A flywheel has a small magnet mounted on it. EAch time the magnet passes the coil, a voltage pulse is generated, which is passed to the c.r.o. The display of the c.r.o. is 10cm wide. The flywheel is rotating at a rate of about 3000 revolutions per minute.Why will the time base setting 10ms?cm dispaly clearly separate pulses on the screen?

Question

A flywheel has a small magnet mounted on it. EAch time the magnet passes the coil, a voltage pulse is generated, which is passed to the c.r.o. The display of the c.r.o. is 10cm wide. The flywheel is rotating at a rate of about 3000 revolutions per minute.Why will the time base setting 10ms?cm dispaly clearly separate pulses on the screen?

Answer 1

To answer this question, we need to consider the relationship between the time base setting of the cathode ray oscilloscope (c.r.o.) and the rotational speed of the flywheel.

Before explaining further, let's understand the components involved:

1. Flywheel: It is a rotating disc with a small magnet mounted on it. As the flywheel spins, the magnet passes a coil, which generates voltage pulses.

2. Cathode Ray Oscilloscope: It is an electronic device used to visualize and analyze electrical signals. It has a screen with a certain width called the display width.

Now, let's address the question:

The width of the display on the c.r.o. is given as 10cm. To clearly separate the voltage pulses generated by the passing magnet, we need to ensure that each pulse fits within this width. Hence, the time base setting is important.

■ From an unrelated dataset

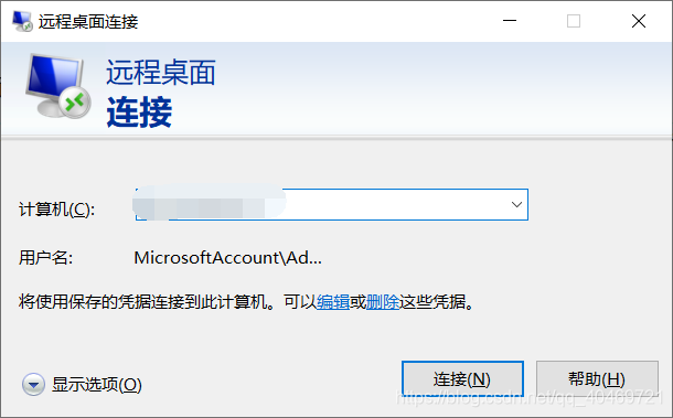 - 通过windows操作系统自带的远程桌面连接程序:win+R键入mstsc打开远程桌面连接程序

The time base setting determines the horizontal scale of the waveform displayed on the c.r.o. It controls how much time is represented by each centimeter (cm) on the display.

In this case, we need to find a time base setting that allows each pulse to be clearly visible within the 10cm width of the display.

Given that the flywheel is rotating at a rate of 3000 revolutions per minute, we can calculate the time taken for one revolution:

1 revolution = 1/3000 minutes

Since there are 60 seconds in a minute, we can convert this to seconds:

1/3000 minutes = (1/3000) x 60 seconds

Now, to understand why the time base setting should be 10ms (milliseconds), we need to find the time taken for one pulse. This depends on the number of pulses generated per revolution of the flywheel.

Let's assume there is only one pulse generated per revolution of the flywheel. In that case, the time taken for one pulse will be the time taken for one revolution.

Using the calculation above, the time taken for one pulse would be:

(1/3000) x 60 seconds = 0.02 seconds = 20 milliseconds (ms)

Since the display width is 10cm and we have determined that the time taken for one pulse is 20ms, we need to set the time base of the c.r.o. to a value equal to or greater than the time taken for one pulse to ensure clear separation of the pulses on the screen.

Therefore, a time base setting of 10ms would be appropriate as it is long enough to clearly display a pulse within the 10cm wide display of the c.r.o.

In summary, by understanding the rotational speed of the flywheel and the width of the c.r.o. display, we can determine the appropriate time base setting that allows the pulses generated by the passing magnet to be clearly separated and visible on the screen.

Answer 2

Rotation is 3000 rev per min.

F=1/T or T=1/F
F is measured in rev per second.
F=3000/60=50
T=1/50=0.02s
S to MS is x1000 so 0.02s => 20ms
Hence, it is appropriate to use 10ms/cm for a clear display of pulse.